I don't know if I'm using the most eficient way to do it, maybe put the words in a array just to avoid spliting them all the time?
Thanks
Upvotes: 6
Views: 20089
Reputation: 35716
how about,
// make a pattern to match all words
var pattern = string.Format(
@"\b({0})\b",
string.Join("|", wordsToremove.Split(new[] { ' ' })));
// pattern will be of the form "\b(badword1|badword2|...)\b"
// remove all the bad words from the string in one go.
var cleanString = Regex.Replace(stringToClean, pattern, string.Empty);
// normalise the white space in the string (one space at a time)
var normalisedString = Regex.Replace(cleanString, @"\s+", " ");
The first line makes a pattern that matches any of the words to remove. The second line replaces them all at once which saves needless iteration. The third line normalises the white space in the string.
Upvotes: 0
Reputation: 3558
private static List<string> wordsToRemove =
"DE DA DAS DO DOS AN NAS NO NOS EM E A AS O OS AO AOS P LDA AND".Split(' ').ToList();
public static string StringWordsRemove(string stringToClean)
{
return string.Join(" ", stringToClean.Split(' ').Except(wordsToRemove));
}
Modification to handle punctuations:
public static string StringWordsRemove(string stringToClean)
{
// Define how to tokenize the input string, i.e. space only or punctuations also
return string.Join(" ", stringToClean
.Split(new[] { ' ', ',', '.', '?', '!' }, StringSplitOptions.RemoveEmptyEntries)
.Except(wordsToRemove));
}
Upvotes: 9
Reputation: 840
Or...
stringToClean = Regex.Replace(stringToClean, @"\bDE\b|\bDA\b|\bDAS\b|\bDO\b|\bDOS\b|\bAN\b|\bNAS\b|\bNO\b|\bNOS\b|\bEM\b|\bE\b|\bA\b|\bAS\b|\bO\b|\bOS\b|\bAO\b|\bAOS\b|\bP\b|\bLDA\b|\bAND\b", String.Empty);
stringToClean = Regex.Replace(stringToClean, " ", String.Empty);
Upvotes: 0
Reputation: 4352
Output you get "THIS IS AMAZING WEBSITE LAYOUT".
I was getting an issue where by it was leaving the word "D" (so it was THIS IS AN AMAZING WEBSITE D LAYOUT) in the result because if you use replace it replaces only a certain part of the word. This removed the entire word if the characters you defined are detected (I imagine this is what you want?).

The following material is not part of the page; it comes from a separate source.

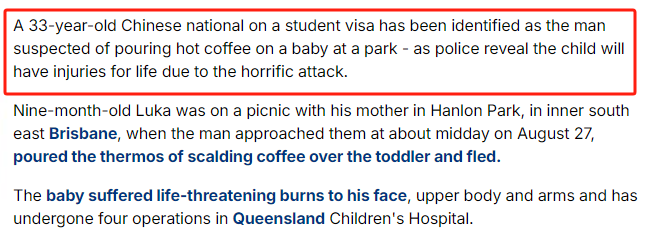 澳洲一名9个月大的婴儿,被亚裔泼了满身滚烫的咖啡,严重烫伤!![]() 当时新闻报道嫌疑人为亚裔,泼完咖啡以后立刻逃跑,现在嫌疑人的身份终于确认了, 竟然是一名中国留学生! ![]() 看看澳媒新闻报道的第一句话: 33岁中国留学生在公园内向婴儿泼咖啡! ![]() 9个月大的婴儿,浑身严重烫伤,一度因为伤势严重生命垂危,截止到目前 已经接受了4次手术,即便如此依然留下了永久性伤害... ![]() 一个9个月大的小婴儿,浑身裹满纱布,里面是因为高温烫伤而溃烂的皮肤,他对这个世界依然懵懂无知,结果却遭到如此伤害。 ![]() 烫伤不仅会让这个小婴儿时刻疼痛,脸上的烫伤足以让他毁容,这是手术也无法解决的问题。 ![]() 而且因为婴儿年龄太小,很多治疗方式都无法使用... ![]() 究竟是什么原因会让一名33岁的成年中国男性,突然向一名9个月大的婴儿发起袭击呢? 而且还是泼滚烫咖啡这样残忍的伤害行为! ![]() 事情发生在8月27日,澳洲警方接到报案以后立刻展开了追查。 根据现场监控,警方初步锁定了嫌疑人,根据长相进行了追踪。 信息显示,这名33岁的中国留学生在2019年通过打工度假签证进入澳洲,之后转换成为了学生签证。 ![]() 8月28日,就在他用滚烫咖啡袭击婴儿的第二天,他独自驾车离开了布里斯班公寓前往了新州。 海关数据显示,8月31日他在悉尼机场离境前往中国。 ![]() 澳媒在新闻中写道: 调查显示,这名男子出生在杭州! ![]() 澳洲警方表示,这起伤人事件非常严重他们也异常重视,立刻组建了一个30人的追踪团队。 结果还是晚了一步,在他们确认嫌疑人身份时,他已经先一步离境! ![]() 虽然他逃走了,但澳洲警方并没有停止追查, 针对这名33岁中国男性的全球通缉令已经发布! 澳洲警方发言人表示,无论如何一定会对他进行逮捕,让他为自己的行为付出代价。 ![]() 受伤儿童的父母对于犯人已经逃走的事情根本无法接受。 自己只是带孩子外出野餐,结果突遭横祸被一个陌生人袭击,滚烫的咖啡就这样全部泼在了孩子身上。 ![]() 马上这个9个月大的婴儿就要接受第五次手术,具体恢复到什么程度医生都无法确定。 如果这个犯人只是逃离澳洲就能逃脱法律制裁的话,对所有人来说都不公平。 ![]() 根据目前的国际条款,早在2007年9月份,中国就与澳大利亚签订了引渡条款。 根据条款规定: 缔约一方同意根据本条约的规定,应另一方请求,将在其境内发现的为了就可引渡的犯罪进行起诉、判刑或者执行判决而被通缉的任何人引渡给另一方。 根据这个规定,如果澳洲警方向中国发出了引渡申请,即便这名33岁的男子逃回中国,也可能会被逮捕并押送回澳洲接受审判。 ![]() 但是即便有引渡条款存在,锁定这名犯罪分子也没有那么容易。 但相信天网恢恢疏而不漏,犯下如此恶行之人,必然会遭到严肃处罚! 让我们回顾一下究竟发生了什么事情吧! 将时间倒回至8月27日,那一日在布里斯班Coorparoo Park之中,一位母亲带着自己年仅9个月大的婴儿正在和友人一起野餐,享受美食和阳光。 当时一行人其乐融融非常开心,可就在这时,一名男子悄悄向着他们几人走去,整个过程,没有人发现任何异常,看起来这只是一个拿着一杯咖啡的普通人。 等到这位母亲有察觉时,男子已经来到了他们身边! ![]() 接下来一幕,让所有人惊声尖叫: 男子突然将滚烫的咖啡全泼在了9个月大的婴儿身上! ![]() 这一幕吓傻了所有人,男子在倒完咖啡之后,快速逃离现场,这位母亲尖叫着拿出凉水泼在孩子身上,试图帮忙降温,这个时候孩子娇嫩的皮肤上已经开始起泡... 一旁的友人Zara Mazza则向伤人男子追去。无奈对方跑得太快,最终也没能拦住。 ![]() 之后的事情前文也都提到过,最初澳媒只是表示伤人者是一名亚裔,具体来自哪个国家并不清楚。 现在确定了 就是一名33岁的中国留学生! ![]() 出于什么目的伤人谁也不知情,毕竟他们之间没有任何交集。 只知道这名中国男子已经离开澳洲潜逃回了中国,针对他的全球通缉令已经颁布,可能距离将他逮捕只是时间问题! ![]() 将他逮捕回澳洲受审让他为自己的罪恶行为付出代价,这是法律存在的意义。 但是对于这个9个月大小婴儿的伤害已经不可逆了...只希望在合理的治疗之下,他受到的伤害能够尽可能减轻,留下的永久后遗症也可以尽可能消除... (来源| 墨尔本生活资讯) ![]() 推荐阅读:直接戳下面标题 新加坡前交通部长受贿14瓶酒被重判,下周入狱! 男子为泄愤在上海砍人!警方通报:致3死15伤,细节曝光 任8年交通部长的李小鹏,职务调整 小伙考公笔试、面试都过,结果政审被卡:浏览过2次不良网站 香港邀请张维为授课,为香港未来“把脉开方” 从核酸检测到房子检测,无所不能!揭秘华测检测背后股东 湿疹反复用它,3秒止痒去湿疹,长年不反复!一个小方子 就能告别痔疮~不用开刀动手术! |
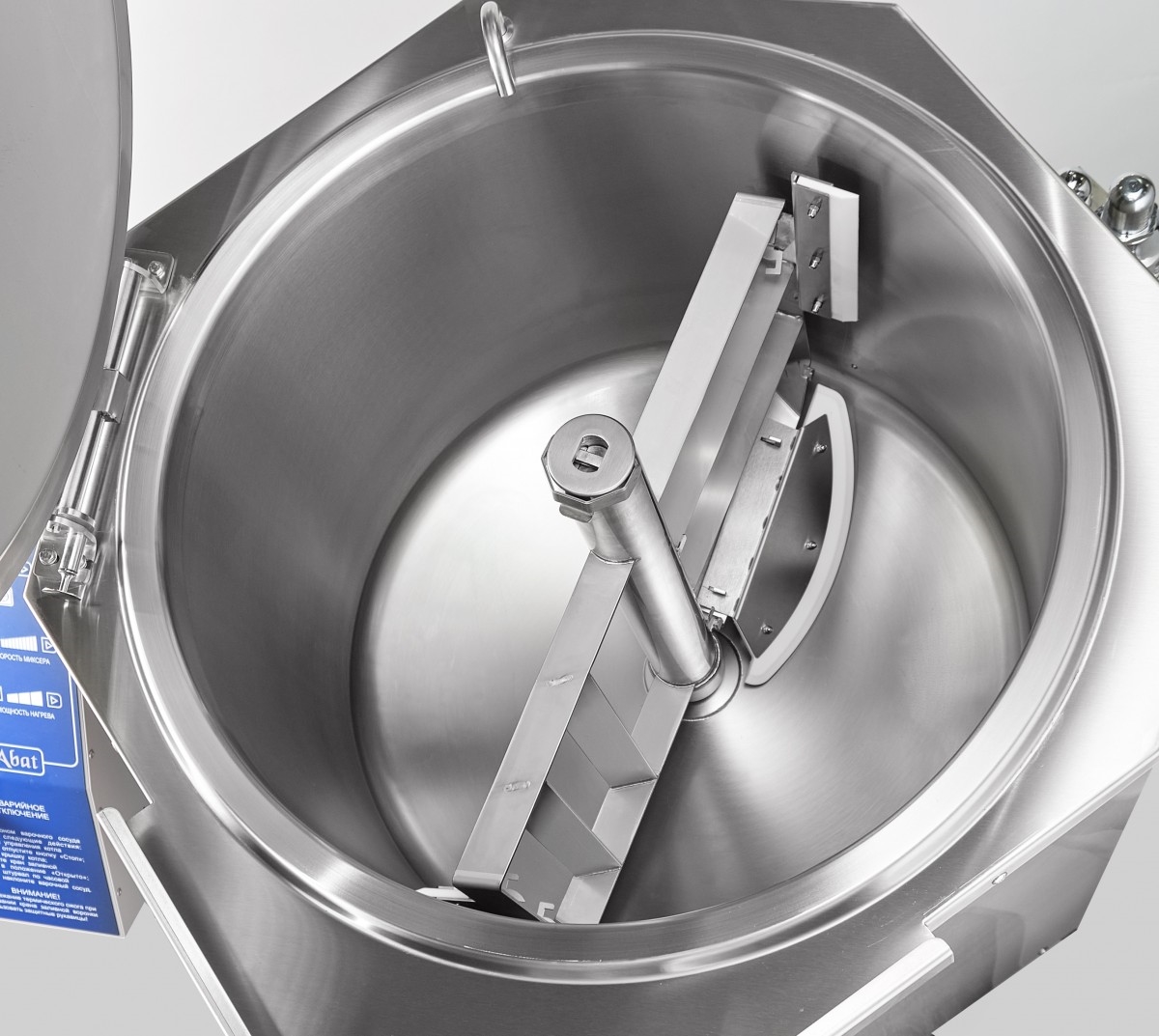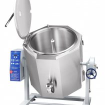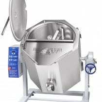 Корпус котла имеет шестигранную форму и закреплен на станине. В него встроена цилиндрическая цельнотянутая варочная емкость с крышкой и ручкой-рычагом. Для залива воды и слива жидких блюд на корпусе предусмотрены краны. В емкость легко монтируется и снимается миксер с плавной регулировкой скорости и реверсом.

string[] tabooWords = "DE DA DAS DO DOS AN NAS NO NOS EM E A AS O OS AO AOS P LDA AND".Split(' ');
string text = "THIS IS AN AMAZING WEBSITE AND LAYOUT";
string result = text;
foreach (string word in text.Split(' '))
{
if (tabooWords.Contains(word.ToUpper()))
{
int start = result.IndexOf(word);
result = result.Remove(start, word.Length);
}
}
Upvotes: 0
Reputation: 4607
I used LINQ
string exceptions = "DE DA DAS DO DOS AN NAS NO NOS EM E A AS O OS AO AOS P LDA AND";
string[] exceptionsList = exceptions.Split(' ');
string test ="THIS IS AN AMAZING WEBSITE AND LAYOUT";
string[] wordList = test.Split(' ');
string final = null;
var result = wordList.Except(exceptionsList).ToArray();
final = String.Join(" ",result);
Console.WriteLine(final);
Upvotes: 1
Reputation: 12439
I just changed this line
pattern = @"\b" + word + "\b";
to this
pattern = @"\b" + word + @"\b"; //added '@'
and I got the result
THIS IS AMAZING WEBSITE LAYOUT
and it would be better if you use String.Empty
instead of ""
like:
stringToClean = Regex.Replace(stringToClean, pattern, String.Empty);
Upvotes: 1
Reputation: 31
public static string StringWordsRemove(string stringToClean, string wordsToRemove)
{
string[] splitWords = wordsToRemove.Split(new Char[] { ' ' });
string pattern = " (" + string.Join("|", splitWords) + ") ";
string cleaned=Regex.Replace(stringToClean, pattern, " ");
return cleaned;
}
Upvotes: 0